Effective September 1, 2020, the Vendor Drug Program will implement a uniform opioid policy across fee-for-service and managed care to encourage appropriate use and reduce opioid over prescribing.
The opioid policy does not apply to people receiving hospice care or palliative care, treatment for cancer, residents of a long-term care facility or another facility for which residents receive opioid substitution therapy for the treatment of opioid use disorder (OUD). The opioid policy also does not apply to other people the Texas Health and Human Services Commission elects to exempt based on an objective, confirmable physical pathology known to cause severe chronic pain not ameliorated by other therapies and for which opioid treatment is appropriate, for example sickle cell disease. If diagnoses are not available in the medical data, exemptions will be handled on a case-by-case basis through the prior authorization process.
Prospective Safety Edits
The Medicaid policies and processes listed below are conducted automatically during the pharmacy claims submission process.
Morphine Milligram Equivalents and Days’ Supply Limits
Morphine milligram equivalents (MME) per day is used to describe the potency of one opioid to another for comparison. The clinical decision for the MME per day recommendations varies depending on the client’s opioid use. Additionally, the Centers for Disease Control and Prevention (CDC) recommends starting opioid treatment with an immediate-release/short-acting formulation at the lowest effective dose, instead of an extended-release or long-acting formulation.
Opioid naïve is defined as people who have taken opioids for a duration less than or equal to (≤) seven days in the prior 60-day period. For people who are opioid naïve, Texas Medicaid must require a one-time authorization for:
- An opioid prescription exceeding a ten-day supply.
- A prescription for a long-acting opioid formulation.
- A claim or combination of claims in which the total daily dose of opioids exceeds 90 MME.
This is a one-time authorization to allow the claim to pay and does not apply to subsequent claims. Duration of prior authorization approval may not extend beyond the days' supply of the claim.

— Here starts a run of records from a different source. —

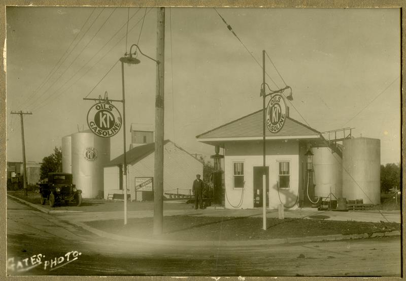 | HB-84-02-01 | K.T. Oil Company | HB-84-02-01 | Photo of K.T. Oil Company (Schump's filling station) located at East Main and "D" streets in about 1927. (Two copies of the Oil Company that are alike) |
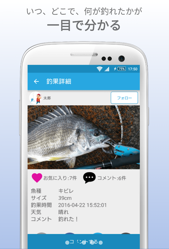 ナチュレコは釣果をアップすることで自分も釣果記録としてはもちろんの事、 釣り友達との交流や、今釣れている魚種情報などを簡単に確認することができます。
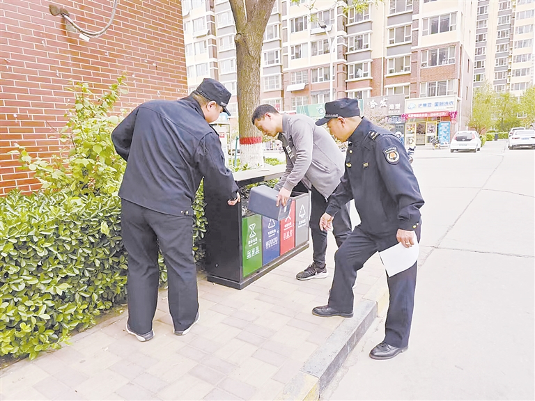 “大姐,您这个厨余垃圾需要投放到绿色的厨余垃圾桶里。”……在治理居民小区环境时,直属三大队出动30余名执法队员,联合住建、社区等相关部门,对茗畅园、阳光盛景、朝阳首府等居民社区,综合整治小区内及周边环境卫生、绿化、路灯照明、私搭乱建等,同时也对文明养犬、垃圾分类等进行宣传和引导。

- Authorization will be required if the total daily dose of opioids exceeds 90 MME for clients that no longer meet the definition of opioid naïve. A tapering plan may be established and approved on a case-by-case basis. If approved, the authorization is approved for a six-month duration.
Days’ Supply Limits
Prescribing opioids for treatment of acute pain is rarely needed for more than ten days. Claims for opioid prescriptions are limited to a maximum of ten days for people who are opioid naïve. This limitation is intended to reduce the risk of addiction, as well as the diversion of unused opioids. The following limitations apply:
- Claims for opioid prescriptions are limited to a maximum of ten days for people who are opioid naïve.
- For clients who are 21 years of age and older, exempt prescriptions for opioids to treat acute pain under Texas Health & Safety Code Section 481.07636 from the three prescriptions per month limit for members in fee-for-service.
On an annual basis two retrospective reviews will be performed. One to monitor opioid prescribing and the other to monitor antipsychotic medication usage in children. The reviews will be performed to identify patterns of fraud, abuse, gross overuse, or inappropriate or medically unnecessary care. If outlier prescribing patterns are identified, a review must be conducted and, if necessary, an intervention, such as a letter or phone call to the prescriber or a peer-to-peer review.